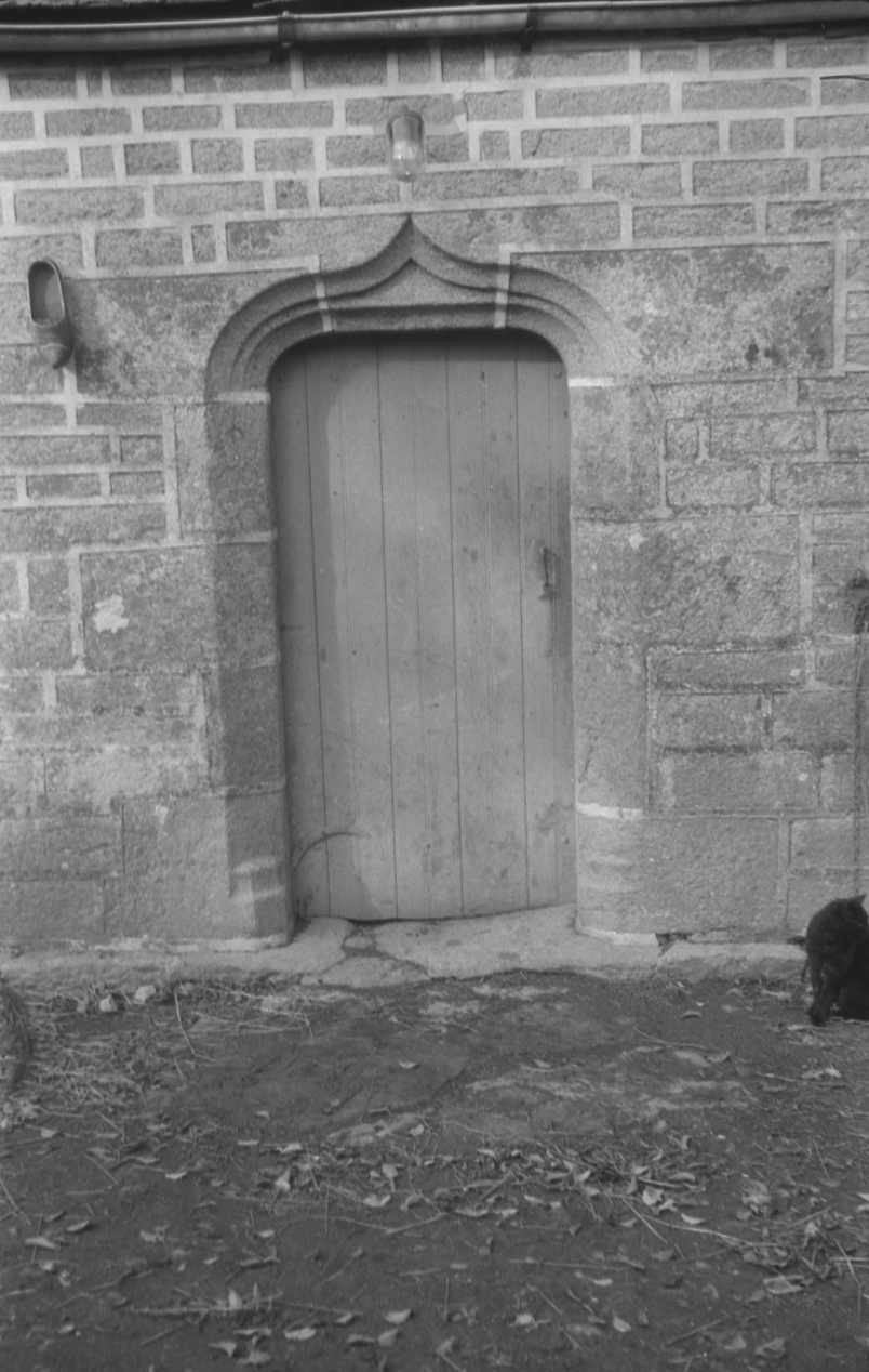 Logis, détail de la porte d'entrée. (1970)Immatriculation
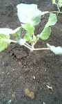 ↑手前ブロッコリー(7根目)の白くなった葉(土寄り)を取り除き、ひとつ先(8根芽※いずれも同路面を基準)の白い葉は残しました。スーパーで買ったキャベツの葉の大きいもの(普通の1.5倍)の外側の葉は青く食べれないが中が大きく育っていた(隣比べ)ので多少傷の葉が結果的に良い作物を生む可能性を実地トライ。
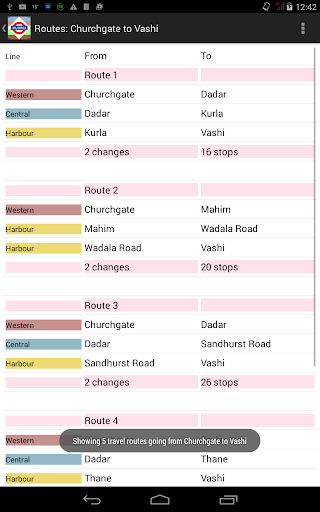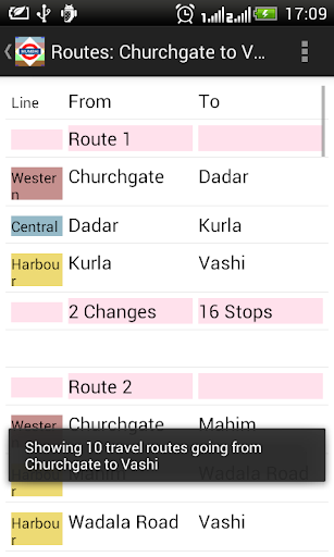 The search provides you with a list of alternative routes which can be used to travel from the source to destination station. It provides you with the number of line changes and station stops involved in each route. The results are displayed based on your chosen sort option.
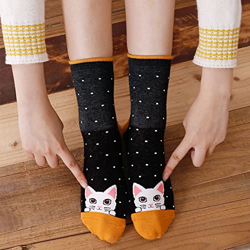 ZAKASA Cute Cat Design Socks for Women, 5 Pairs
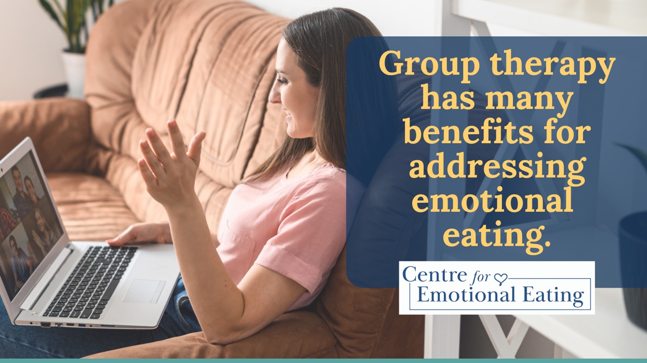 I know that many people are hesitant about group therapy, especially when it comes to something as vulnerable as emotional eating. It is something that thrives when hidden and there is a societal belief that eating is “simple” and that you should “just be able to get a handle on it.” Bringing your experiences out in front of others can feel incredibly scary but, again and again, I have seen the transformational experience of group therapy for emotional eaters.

◆ **YOUR ASSIGNMENT**
Give the data back exactly, omitting all pictures.

◆ **SOLVED PROBLEM**
 Logis, détail de la porte d'entrée. (1970)Immatriculation
 ↑手前ブロッコリー(7根目)の白くなった葉(土寄り)を取り除き、ひとつ先(8根芽※いずれも同路面を基準)の白い葉は残しました。スーパーで買ったキャベツの葉の大きいもの(普通の1.5倍)の外側の葉は青く食べれないが中が大きく育っていた(隣比べ)ので多少傷の葉が結果的に良い作物を生む可能性を実地トライ。
 The search provides you with a list of alternative routes which can be used to travel from the source to destination station. It provides you with the number of line changes and station stops involved in each route. The results are displayed based on your chosen sort option.
 ZAKASA Cute Cat Design Socks for Women, 5 Pairs
 I know that many people are hesitant about group therapy, especially when it comes to something as vulnerable as emotional eating. It is something that thrives when hidden and there is a societal belief that eating is “simple” and that you should “just be able to get a handle on it.” Bringing your experiences out in front of others can feel incredibly scary but, again and again, I have seen the transformational experience of group therapy for emotional eaters.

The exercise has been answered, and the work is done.